Task prompt:
Please copy, exactly as they appear below, the lines from the one containing "Ansichtskarte Storkow Mark" through the one containing "A cocoon-like cabin".

Data to process Block Start

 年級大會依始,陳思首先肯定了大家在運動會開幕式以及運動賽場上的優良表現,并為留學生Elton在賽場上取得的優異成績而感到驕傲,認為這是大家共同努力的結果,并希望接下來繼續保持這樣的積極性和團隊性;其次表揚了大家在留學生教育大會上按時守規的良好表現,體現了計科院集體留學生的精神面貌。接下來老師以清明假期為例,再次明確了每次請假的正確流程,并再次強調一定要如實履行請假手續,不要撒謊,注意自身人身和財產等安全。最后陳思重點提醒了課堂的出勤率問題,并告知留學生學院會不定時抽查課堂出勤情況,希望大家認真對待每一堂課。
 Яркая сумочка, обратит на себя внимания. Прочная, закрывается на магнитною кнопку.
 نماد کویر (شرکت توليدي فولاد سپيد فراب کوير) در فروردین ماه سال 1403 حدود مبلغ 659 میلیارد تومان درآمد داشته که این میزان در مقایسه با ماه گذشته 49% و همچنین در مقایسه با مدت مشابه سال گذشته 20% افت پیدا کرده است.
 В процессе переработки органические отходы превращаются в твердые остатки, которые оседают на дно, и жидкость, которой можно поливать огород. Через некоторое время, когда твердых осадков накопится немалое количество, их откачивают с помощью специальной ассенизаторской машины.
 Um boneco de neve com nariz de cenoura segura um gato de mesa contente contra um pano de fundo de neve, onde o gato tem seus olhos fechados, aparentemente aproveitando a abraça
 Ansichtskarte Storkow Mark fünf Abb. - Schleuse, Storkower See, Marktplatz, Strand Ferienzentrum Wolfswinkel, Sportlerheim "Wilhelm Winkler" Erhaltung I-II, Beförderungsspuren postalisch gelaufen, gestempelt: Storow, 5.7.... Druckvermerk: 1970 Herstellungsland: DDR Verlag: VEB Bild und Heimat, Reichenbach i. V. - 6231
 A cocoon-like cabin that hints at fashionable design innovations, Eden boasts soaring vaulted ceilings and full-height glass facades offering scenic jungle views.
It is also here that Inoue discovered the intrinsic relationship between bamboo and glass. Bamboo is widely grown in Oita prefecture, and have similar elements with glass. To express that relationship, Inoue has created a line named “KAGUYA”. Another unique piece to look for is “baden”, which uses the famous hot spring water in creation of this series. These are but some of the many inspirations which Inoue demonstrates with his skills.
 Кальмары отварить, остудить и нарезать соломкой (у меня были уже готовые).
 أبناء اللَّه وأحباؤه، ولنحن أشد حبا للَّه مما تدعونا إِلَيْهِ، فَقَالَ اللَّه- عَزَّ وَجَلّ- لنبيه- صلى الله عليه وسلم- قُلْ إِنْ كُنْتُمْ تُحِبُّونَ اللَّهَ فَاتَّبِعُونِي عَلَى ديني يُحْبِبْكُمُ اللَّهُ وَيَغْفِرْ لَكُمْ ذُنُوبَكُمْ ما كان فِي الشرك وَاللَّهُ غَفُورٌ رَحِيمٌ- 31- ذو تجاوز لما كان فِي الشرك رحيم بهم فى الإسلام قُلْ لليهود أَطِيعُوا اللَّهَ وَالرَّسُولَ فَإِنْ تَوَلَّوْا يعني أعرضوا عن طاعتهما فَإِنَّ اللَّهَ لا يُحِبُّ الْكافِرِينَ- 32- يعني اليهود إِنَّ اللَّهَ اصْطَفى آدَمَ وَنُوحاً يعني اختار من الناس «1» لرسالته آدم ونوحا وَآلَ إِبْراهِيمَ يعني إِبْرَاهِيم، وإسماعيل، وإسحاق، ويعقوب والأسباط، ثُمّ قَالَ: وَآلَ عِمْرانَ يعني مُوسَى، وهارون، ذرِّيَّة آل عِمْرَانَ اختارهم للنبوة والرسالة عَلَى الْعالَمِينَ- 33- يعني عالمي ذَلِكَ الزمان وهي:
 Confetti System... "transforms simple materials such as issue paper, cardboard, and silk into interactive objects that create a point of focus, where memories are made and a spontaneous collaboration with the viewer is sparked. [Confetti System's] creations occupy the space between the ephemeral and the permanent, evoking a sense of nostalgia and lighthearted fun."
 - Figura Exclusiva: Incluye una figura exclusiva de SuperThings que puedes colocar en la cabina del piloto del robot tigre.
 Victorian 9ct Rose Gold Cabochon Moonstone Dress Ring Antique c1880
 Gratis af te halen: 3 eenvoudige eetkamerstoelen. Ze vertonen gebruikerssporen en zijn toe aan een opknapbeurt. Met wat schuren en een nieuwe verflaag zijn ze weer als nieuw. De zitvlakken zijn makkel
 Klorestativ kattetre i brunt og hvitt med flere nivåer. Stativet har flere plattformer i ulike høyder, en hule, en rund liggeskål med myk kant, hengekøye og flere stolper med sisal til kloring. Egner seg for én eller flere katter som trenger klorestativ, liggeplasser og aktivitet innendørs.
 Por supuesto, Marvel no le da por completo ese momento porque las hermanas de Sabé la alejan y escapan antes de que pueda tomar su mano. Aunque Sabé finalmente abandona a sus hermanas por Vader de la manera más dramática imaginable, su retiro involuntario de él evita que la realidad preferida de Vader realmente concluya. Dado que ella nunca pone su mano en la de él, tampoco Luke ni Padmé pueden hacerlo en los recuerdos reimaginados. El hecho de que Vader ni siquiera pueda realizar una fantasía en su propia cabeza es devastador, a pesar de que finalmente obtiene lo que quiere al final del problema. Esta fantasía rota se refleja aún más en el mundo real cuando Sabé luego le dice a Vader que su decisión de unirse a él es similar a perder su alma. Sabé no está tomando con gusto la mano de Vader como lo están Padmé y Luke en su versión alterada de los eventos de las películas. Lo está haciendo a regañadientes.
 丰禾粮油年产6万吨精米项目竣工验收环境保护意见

Data to process Block End

Response:
 Ansichtskarte Storkow Mark fünf Abb. - Schleuse, Storkower See, Marktplatz, Strand Ferienzentrum Wolfswinkel, Sportlerheim "Wilhelm Winkler" Erhaltung I-II, Beförderungsspuren postalisch gelaufen, gestempelt: Storow, 5.7.... Druckvermerk: 1970 Herstellungsland: DDR Verlag: VEB Bild und Heimat, Reichenbach i. V. - 6231
 A cocoon-like cabin that hints at fashionable design innovations, Eden boasts soaring vaulted ceilings and full-height glass facades offering scenic jungle views.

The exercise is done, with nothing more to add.